WHAT TO WORK ON:
Would you repeat the data below exactly, taking out the images?

DATA SUPPLIED:
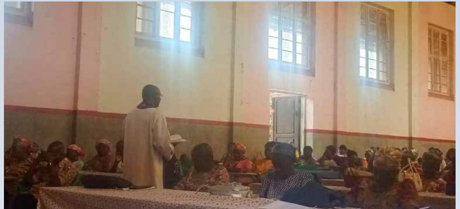
Récollecion de la CDMB avec ses Caritas paroissiales

Les enseignements ont porté sur la vision de la CDMB : bâtir une société solidaire et responsable, capable de se prendre en charge. Les participants ont été sensibilisés à l'importance de l'autonomie des paroisses et doyennés, malgré les défis économiques et logistiques rencontrés. Parmi les intervenants, figuraient le Directeur a.i du BDC, le Chargé de programme du même
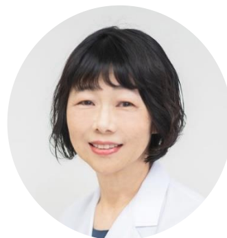
＝講師プロフィール＝

日常の産婦人科診療の中で、女性自身が自分の体や性に対して非常に無知であることに気付き、性の健康教育の必要性を痛感され、平成18年から各地で講演を始められた。
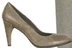
Szpilki ECCO 519,90 zł
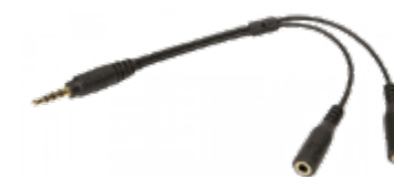
Doubleur stéréo jack 3.5mm PCDMSP01
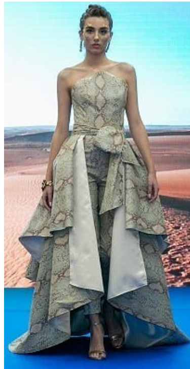
2019 – Savage
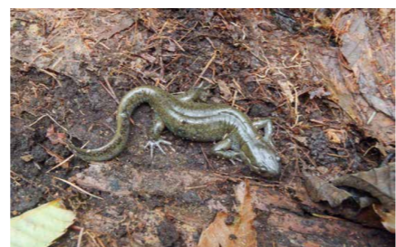
体長15cmのクロサンショウウオ

日本固有のサンショウウオです。東北地方から、中部地方北部にかけての本州と佐渡に生息しています。4～5月にかけて、卵形状の卵嚢を水中の枯れ枝などに産みつけます。市内には、大規模な産卵場所があることで有名ですが、環境悪化などにより、上陸する個体数の減少が危惧される現状にあります。国・県・市で準絶滅危惧種に指定されています。
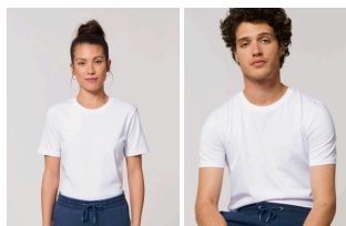
Stella Tracer Denim
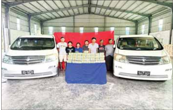
ဖမ်းဆီးရမိသည့် မူးယစ်ဆေးဝါးများနှင့် ဖြစ်မှုကျူးလွန်သူများ။
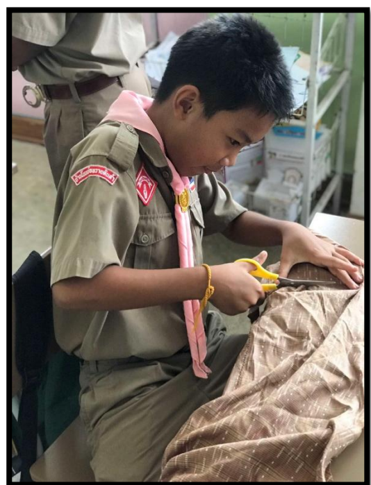
นักเรียนสร้างผลิตภัณฑ์
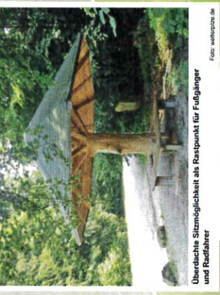
Überdachte Sitzmöglichkeit als Rastpunkt für Fußgänger und Radfahrer
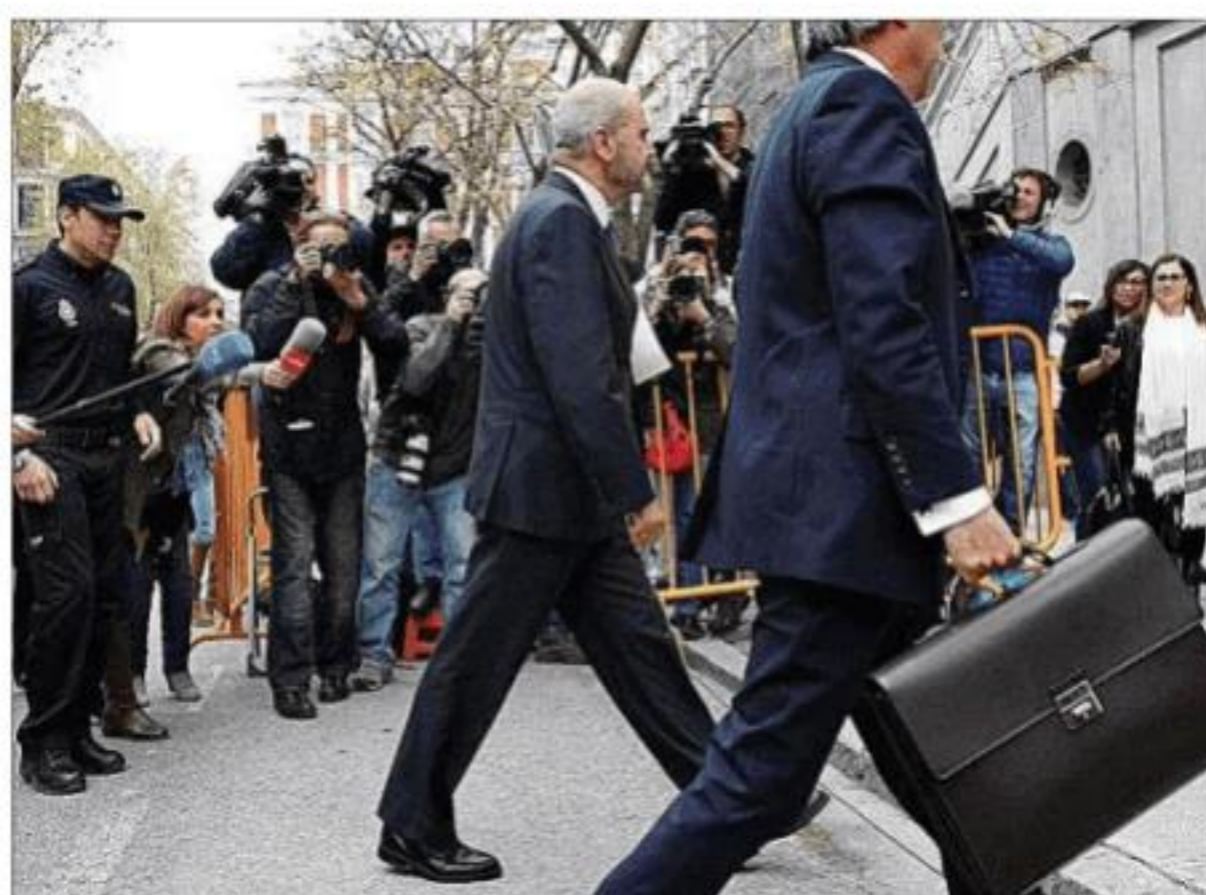
El ex presidente andaluz Manuel Chaves, en el Supremo por los ERE.

cenas renunció a su acta de senador, lo que supuso que perdiera el aforamiento y que la investigación del caso Gürtel se mantuviera entonces en la Audiencia Nacional.
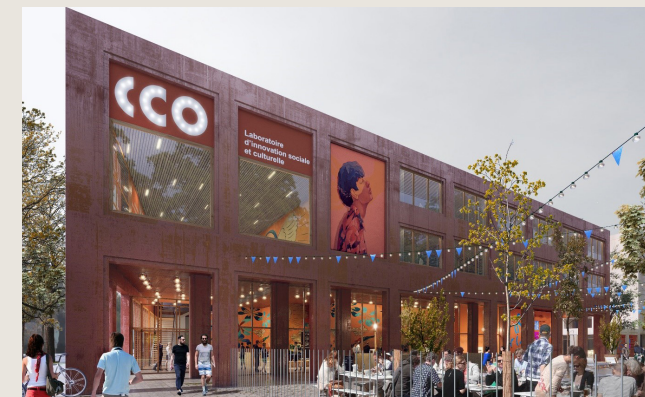
Pendant la journée, un lieu vivant, hospitalier, ouvert, animé, en prise directe avec la vie du quartier

Cette occupation est l'opportunité d'expérimenter une partie des usages de L'Autre Soie et d'inscrire le projet au coeur des dynamiques locales.
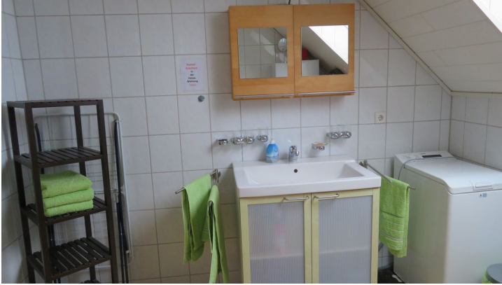
Badezimmer in der Ferienwohnung Schünemann
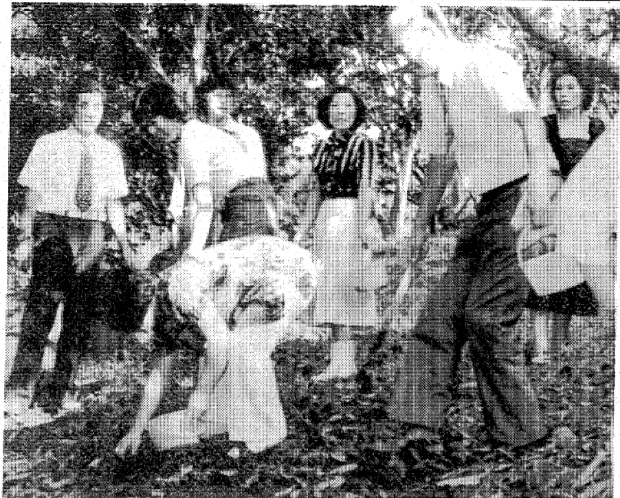
早くも多くの行楽客でにぎわうクリ園
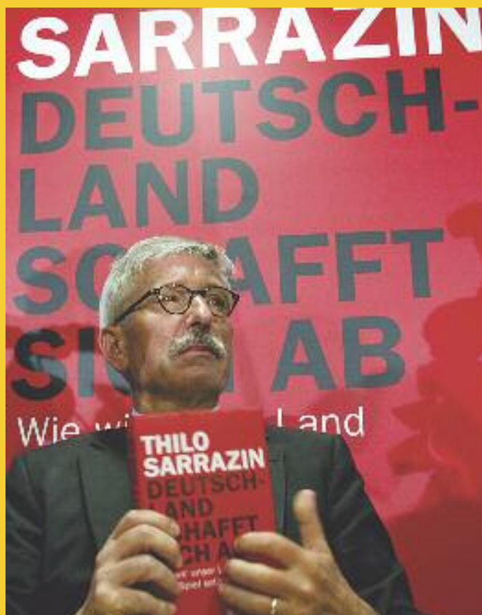
Ένταση προκαλεί στη Γερμανία το βιβλίο που υπογράφει ο Τίλο Σαράζιν (μέλος του Διοικητικού Συμβουλίου της Τράπεζας Bundesbank), ο οποίος μέσα από τις σελίδες του βιβλίου του, προκαλεί σάλο με τα σχόλια περί «εβραϊκού γονιδίου» και κακής επιρροής των μεταναστών στην Ευρώπη.
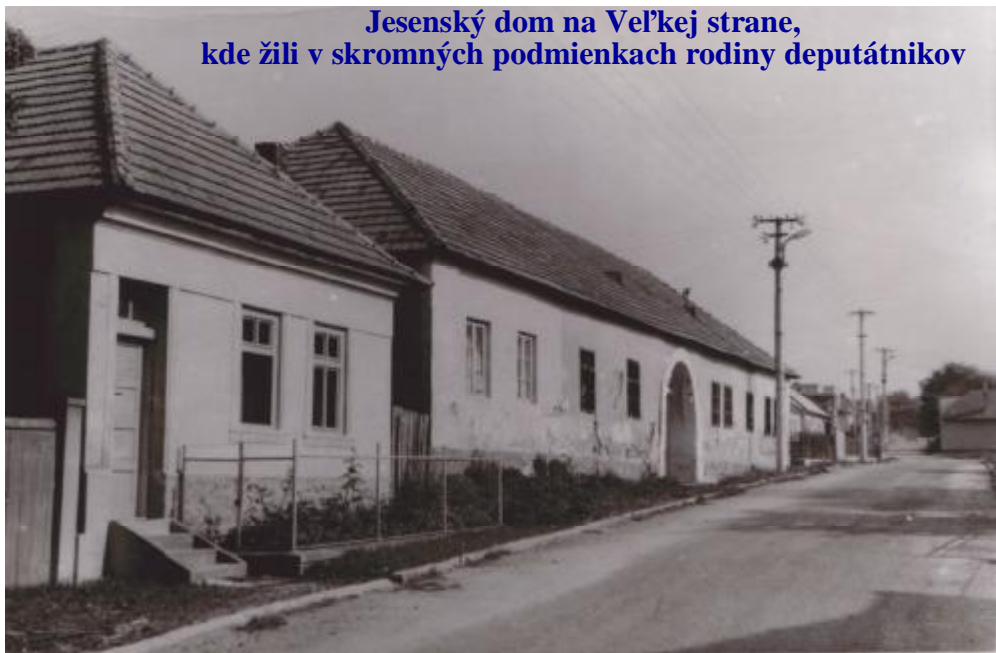
Jesenský dom na Veľkej strane, kde žili v skromných podmienkach rodiny deputátnikov
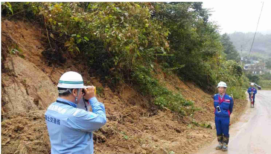
被災状況調査(宮城県角田市)
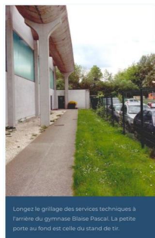
Longez le grillage des services techniques à l'arrière du gymnase Blaise Pascal. La petite porte au fond est celle du stand de tir.
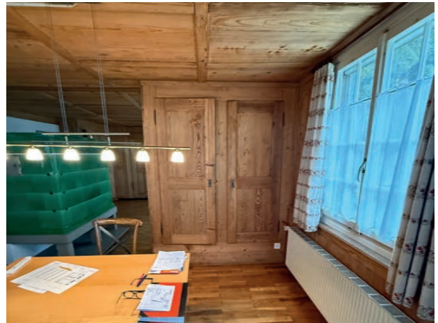
Wohn- / Esszimmer
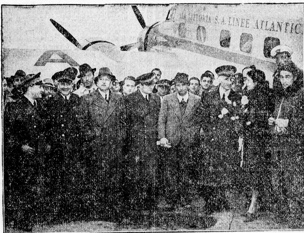
Mint ismeretes, Olaszország és Brazília között megindult a rendszeres légijárat. Ezen a képen az első braziliai utasszállító olasz gép látható, a római repülőtéren, a tisztikarral és az utasokkal.

DORIAN: A VÉN LEANY. APOLLÓ: AZ ELSŐ CSÓK. CORSO: AZ OREGONI GYLKOS.
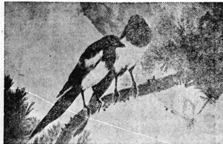
【明説眞寫】館長ハル米の買上げに...
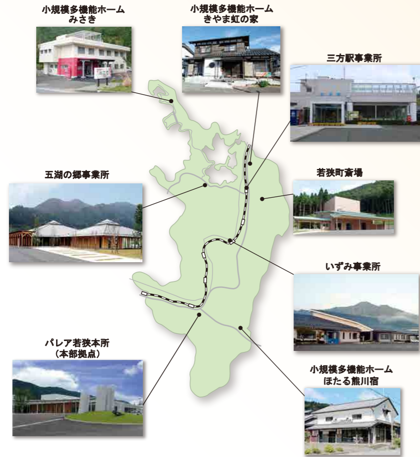
若狭町社協事業所マップ
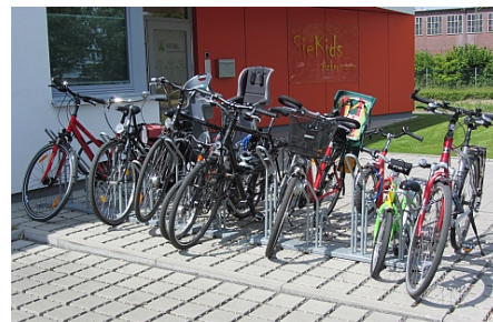
zehn Halterungen hoch/tief im 35cm-Abstand
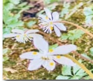
＜五台山の梅花黄蓮＞

ANSWER SPACE:
Récollecion de la CDMB avec ses Caritas paroissiales

Les enseignements ont porté sur la vision de la CDMB : bâtir une société solidaire et responsable, capable de se prendre en charge. Les participants ont été sensibilisés à l'importance de l'autonomie des paroisses et doyennés, malgré les défis économiques et logistiques rencontrés. Parmi les intervenants, figuraient le Directeur a.i du BDC, le Chargé de programme du même
＝講師プロフィール＝

日常の産婦人科診療の中で、女性自身が自分の体や性に対して非常に無知であることに気付き、性の健康教育の必要性を痛感され、平成18年から各地で講演を始められた。
Szpilki ECCO 519,90 zł
Doubleur stéréo jack 3.5mm PCDMSP01
2019 – Savage
体長15cmのクロサンショウウオ

日本固有のサンショウウオです。東北地方から、中部地方北部にかけての本州と佐渡に生息しています。4～5月にかけて、卵形状の卵嚢を水中の枯れ枝などに産みつけます。市内には、大規模な産卵場所があることで有名ですが、環境悪化などにより、上陸する個体数の減少が危惧される現状にあります。国・県・市で準絶滅危惧種に指定されています。
Stella Tracer Denim
ဖမ်းဆီးရမိသည့် မူးယစ်ဆေးဝါးများနှင့် ဖြစ်မှုကျူးလွန်သူများ။
นักเรียนสร้างผลิตภัณฑ์
Überdachte Sitzmöglichkeit als Rastpunkt für Fußgänger und Radfahrer
El ex presidente andaluz Manuel Chaves, en el Supremo por los ERE.

cenas renunció a su acta de senador, lo que supuso que perdiera el aforamiento y que la investigación del caso Gürtel se mantuviera entonces en la Audiencia Nacional.
Pendant la journée, un lieu vivant, hospitalier, ouvert, animé, en prise directe avec la vie du quartier

Cette occupation est l'opportunité d'expérimenter une partie des usages de L'Autre Soie et d'inscrire le projet au coeur des dynamiques locales.
Badezimmer in der Ferienwohnung Schünemann
早くも多くの行楽客でにぎわうクリ園
Ένταση προκαλεί στη Γερμανία το βιβλίο που υπογράφει ο Τίλο Σαράζιν (μέλος του Διοικητικού Συμβουλίου της Τράπεζας Bundesbank), ο οποίος μέσα από τις σελίδες του βιβλίου του, προκαλεί σάλο με τα σχόλια περί «εβραϊκού γονιδίου» και κακής επιρροής των μεταναστών στην Ευρώπη.
Jesenský dom na Veľkej strane, kde žili v skromných podmienkach rodiny deputátnikov
被災状況調査(宮城県角田市)
Longez le grillage des services techniques à l'arrière du gymnase Blaise Pascal. La petite porte au fond est celle du stand de tir.
Wohn- / Esszimmer
Mint ismeretes, Olaszország és Brazília között megindult a rendszeres légijárat. Ezen a képen az első braziliai utasszállító olasz gép látható, a római repülőtéren, a tisztikarral és az utasokkal.

DORIAN: A VÉN LEANY. APOLLÓ: AZ ELSŐ CSÓK. CORSO: AZ OREGONI GYLKOS.
【明説眞寫】館長ハル米の買上げに...
若狭町社協事業所マップ
zehn Halterungen hoch/tief im 35cm-Abstand
＜五台山の梅花黄蓮＞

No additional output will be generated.